→ Problem to work on
Give the listing again word for word, excluding the pictures it contains.

—————

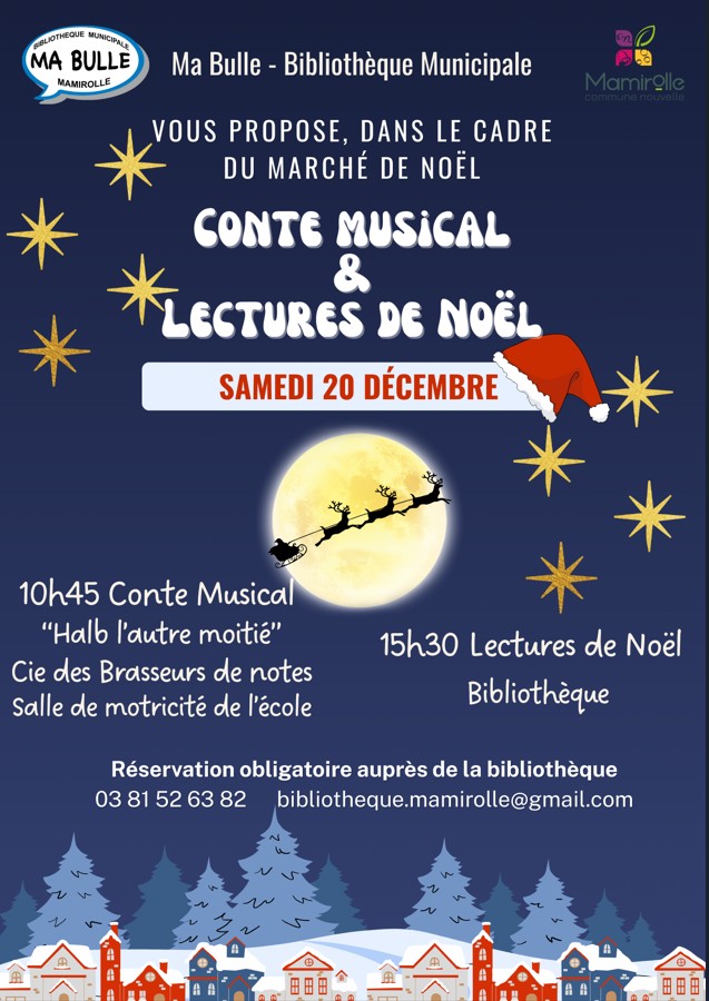 BIBLIOTEQUE DE MAMIROLLE : Conte musical et lecture de Noel le samedi 20 décembre
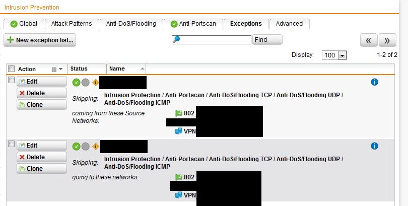 Go to Network Protection->Intrusion Prevention-> Exceptions Tab
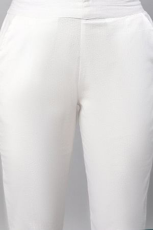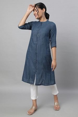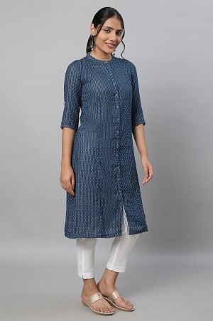 Slide into a smart set this season for an effortless look. The set has blue geometric print cotton kurta. This kurta features down button closure and it is reversible which allows you to wear it either ways. It comes with white solid trouser pants which has two side pockets.
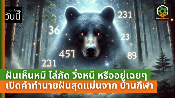 การ ฝันเห็นหมี ในลักษณะต่างๆ สามารถบอกลางดีและลางร้ายได้ขึ้นอยู่กับบริบทของความฝัน อย่างไรก็ตาม เลขเด็ดบ้านกีฬา จากความฝันเกี่ยวกับหมี ได้แก่ 36, 47, 57, 231, 26, 83, 61, 89, 996, 64, 78, 278, 34, 84, 588, 29, 579 ซึ่งอาจเป็นตัวเลขนำโชคของคุณ
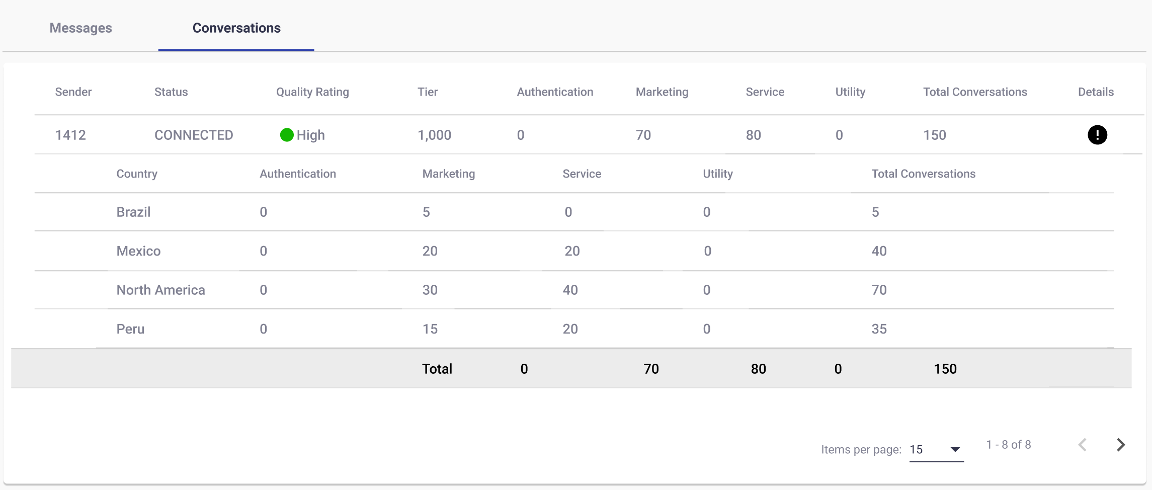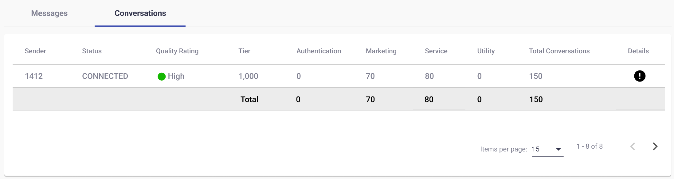 Tier | Displays the messaging tier level assigned to the sender, which determines the maximum number of business-initiated conversations allowed per day. For example, a Tier value of 1,000 allows up to 1,000 customer-initiated conversations daily using approved templates. |
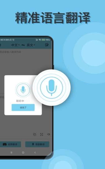 1、语言直译:讲话实时翻译,支持英文翻译成中文,点击翻译按钮后即可翻译
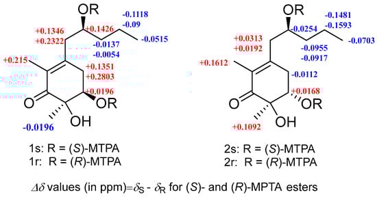 Megastigmanone B (2) was isolated as colorless oil. Its molecular formula, C13H22O4, was determined based on the HR-ESI-MS ion at m/z 265.1447 [M + Na]+ (calcd, C13H22NaO4, 265.1410), indicating three degrees of unsaturation. Comparison of its 1D and 2D NMR data with those for compound 1 revealed that compound 2 shared the same skeleton with compound 1, except for the different configurations of H-5, revealed by the ROESY correlation between CH3-6 and H-5 in 2. The absolute configuration of C-5 and C-2′ in compound 2 was also determined by the modified Mosher’s method and has been determined to be (5S, 6R)-5, 6-dihydroxy-3-((S)-2′-hydroxypentyl)-2, 6-dimethylcyclohex-2-en-1-one according to the ΔδRS value analysis of the 1H NMR data of (S) and (R)-MTPA esters of compound 2 (Figure 3; Figures S20–S23).
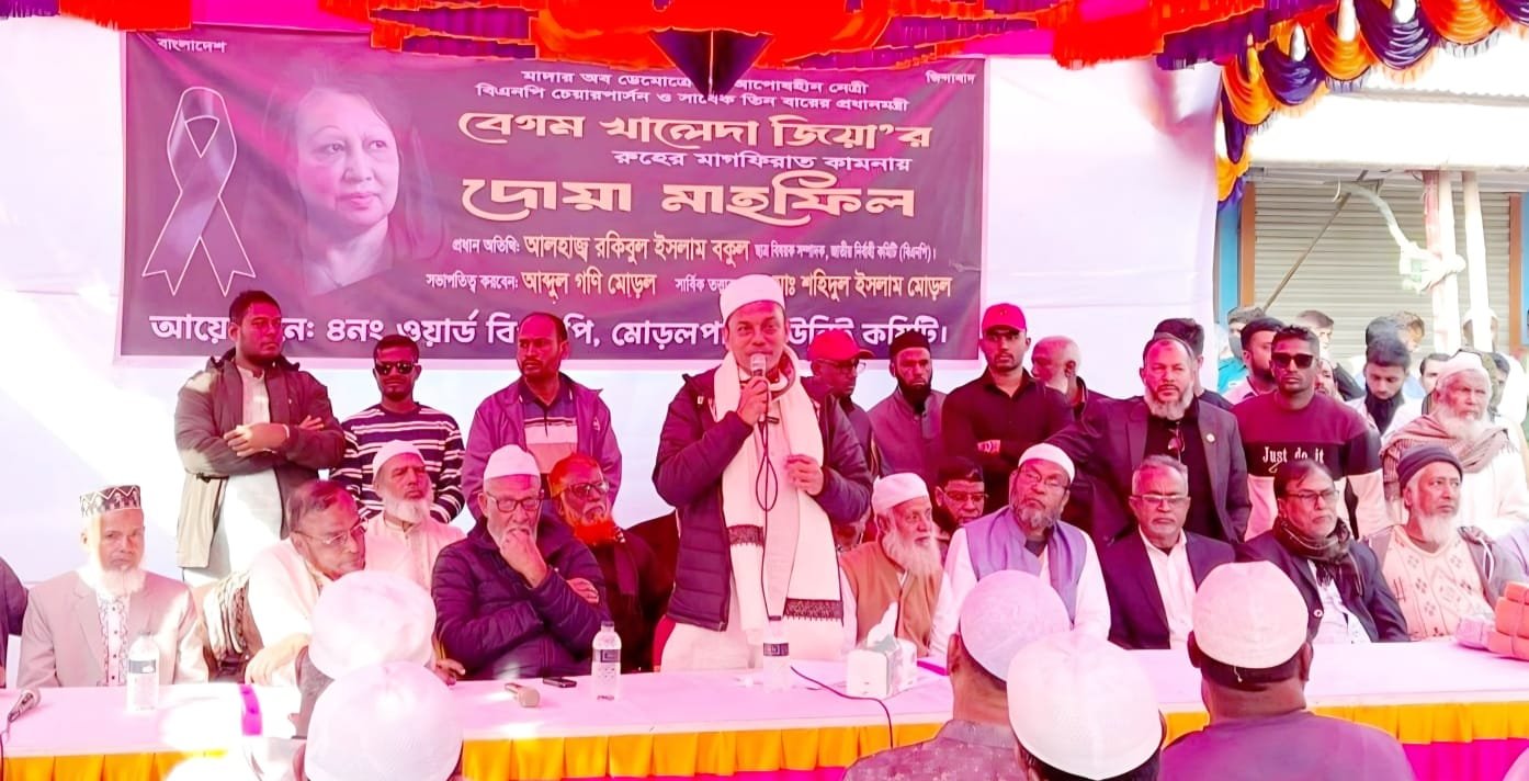 আলোচনা সভা শেষে মরহুমা বেগম খালেদা জিয়ার রুহের মাগফেরাত কামনায় বিশেষ দোয়া ও মোনাজাত পরিচালনা করেন হাফেজ আলমগীর হোসেন।

—————

→ Written answer
 BIBLIOTEQUE DE MAMIROLLE : Conte musical et lecture de Noel le samedi 20 décembre
 Go to Network Protection->Intrusion Prevention-> Exceptions Tab
 Slide into a smart set this season for an effortless look. The set has blue geometric print cotton kurta. This kurta features down button closure and it is reversible which allows you to wear it either ways. It comes with white solid trouser pants which has two side pockets.
 การ ฝันเห็นหมี ในลักษณะต่างๆ สามารถบอกลางดีและลางร้ายได้ขึ้นอยู่กับบริบทของความฝัน อย่างไรก็ตาม เลขเด็ดบ้านกีฬา จากความฝันเกี่ยวกับหมี ได้แก่ 36, 47, 57, 231, 26, 83, 61, 89, 996, 64, 78, 278, 34, 84, 588, 29, 579 ซึ่งอาจเป็นตัวเลขนำโชคของคุณ
 Tier | Displays the messaging tier level assigned to the sender, which determines the maximum number of business-initiated conversations allowed per day. For example, a Tier value of 1,000 allows up to 1,000 customer-initiated conversations daily using approved templates. |
 1、语言直译:讲话实时翻译,支持英文翻译成中文,点击翻译按钮后即可翻译
 Megastigmanone B (2) was isolated as colorless oil. Its molecular formula, C13H22O4, was determined based on the HR-ESI-MS ion at m/z 265.1447 [M + Na]+ (calcd, C13H22NaO4, 265.1410), indicating three degrees of unsaturation. Comparison of its 1D and 2D NMR data with those for compound 1 revealed that compound 2 shared the same skeleton with compound 1, except for the different configurations of H-5, revealed by the ROESY correlation between CH3-6 and H-5 in 2. The absolute configuration of C-5 and C-2′ in compound 2 was also determined by the modified Mosher’s method and has been determined to be (5S, 6R)-5, 6-dihydroxy-3-((S)-2′-hydroxypentyl)-2, 6-dimethylcyclohex-2-en-1-one according to the ΔδRS value analysis of the 1H NMR data of (S) and (R)-MTPA esters of compound 2 (Figure 3; Figures S20–S23).
 আলোচনা সভা শেষে মরহুমা বেগম খালেদা জিয়ার রুহের মাগফেরাত কামনায় বিশেষ দোয়া ও মোনাজাত পরিচালনা করেন হাফেজ আলমগীর হোসেন।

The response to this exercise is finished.